Continuing from this post, here are more excerpts from the ILR article linked in the last post with my commentary to follow.

"I outlined in volume 2 of Measuring Hidden Dimensions that and how cognitive development can be conceived as a progression through four epistemological eras, from Common Sense to Understanding to Reason on to Practical Wisdom. The transition between each two of these eras is characterized by the fact that steps taken in cognitive achievement are never rescinded, except perhaps in mental illness. Consequently, they gradually begin to occur in parallel, or more concisely, in layers, and arrive at their end gathered together as integrated dimensions that form a complete transformational system, with intricate relationships between them.


"The progression by which humans mature cognitively has a well-paced beginning and a foreseeable ending, in that all four strands representing the four eras come together and coalesce. It is as if one were to follow four rivers, each starting at a subsequent location relative to the first, but ultimately, coming closer and closer, together making up a broad stream of sea-going proportions. Clearly, this is an entirely different progression than the social-emotional one, not only because it does not occur in stages but in phases, but also in that it is multi-dimensional."

After describing the 4 phases of dialectical thinking he says of the final phase:

"One can integrate multiple, mutually interdependent perspectives, not just in breadth (as in integral thinking), but in depth. This means that we discard all formalistic thinking [my emphasis], even thinking 'in quadrants', because we can see the quadrants as mere moments of a totality we already grasped when we entered the world of R [relationship, the 3rd phase]."

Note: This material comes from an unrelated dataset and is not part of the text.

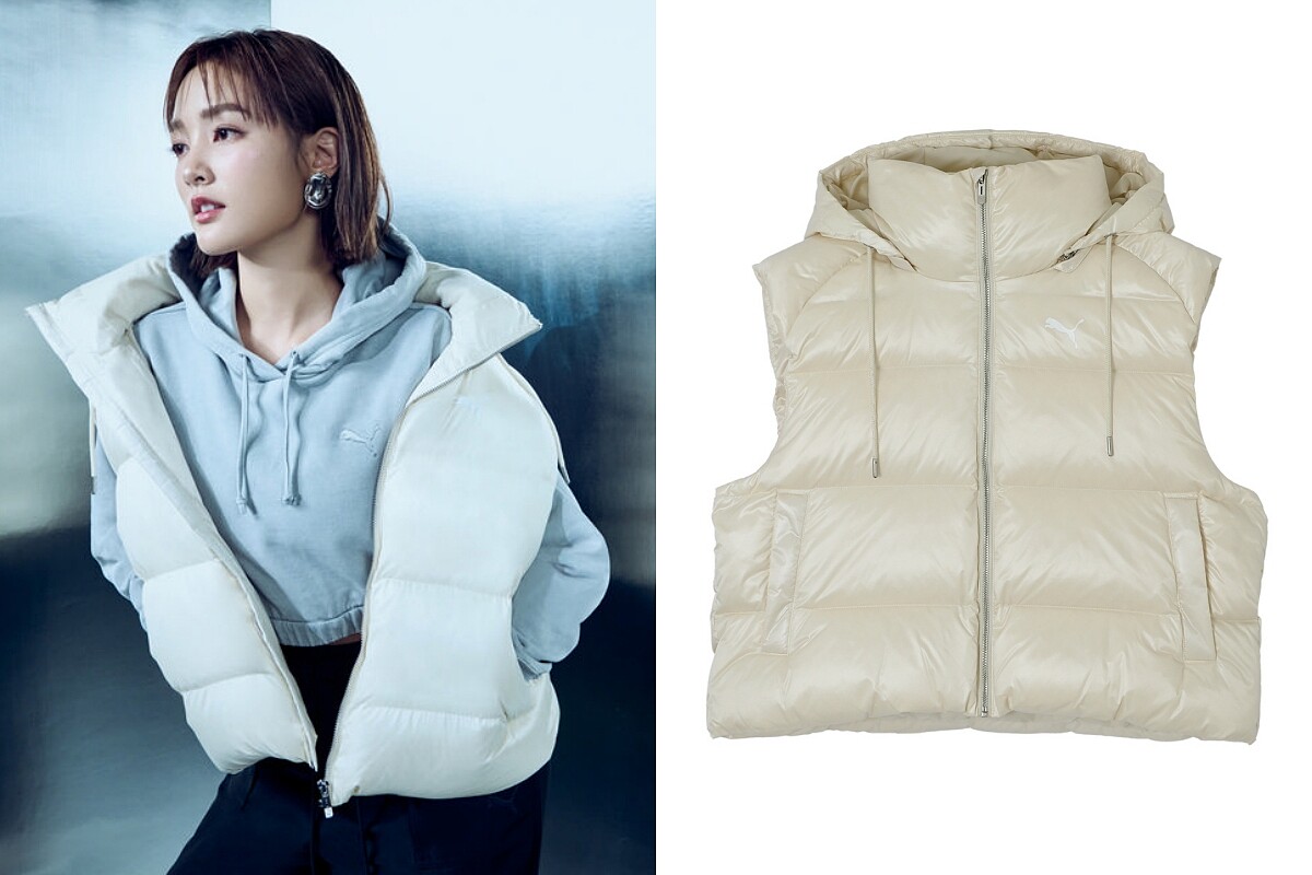 王淨同款的羽絨背心以亮面布料搭配短版剪裁,不僅為穿搭增添街頭運動風,羽絨填充讓保暖度自然升級,不太怕冷的人,可以半開拉鍊搭配內搭長袖或針織就會很足夠!

One seeming contradiction from the last 2 posts is that between the four epistemological eras "steps taken [...] are never rescinded," and yet "we discard all formalistic thinking." He describes Understanding as that formal thinking, so again we have confusion between what is included and what is replaced. The first quote sounds akin to Gebser's integral-aperspectival, where all four are integrated and co-exist, and yet apparently the associated (world)views of each before such dialectical integration are not. I'll research Laske more for clarification on that.

Another point in the last ILR article is in describing Common Sense as "a deep capability that is strongly rooted in the human body. One might see it as somatic knowledge, a kind of ('unconscious’) knowledge that is in constant physiological fluctuation in a visceral and psychologically relevant way." And yet when we move from this to Understanding (formal logic) he characterizes common sense as "a buzzing and booming confusion" where there is no object constancy and no separation of self and environment. This is not at all supported by L&J's embodied realism, noting that our prerational image schema are based in such categorical differentiation. And not at all consistent with the likes of Bhaskar's notion of nondual ontic differentiation per se (differance) as noted in this recent post. Granted Laske is calling them epistemological eras but even within that frame it is not consistent with L&J's epistemological notion of real reason as an extension of prerational categorization.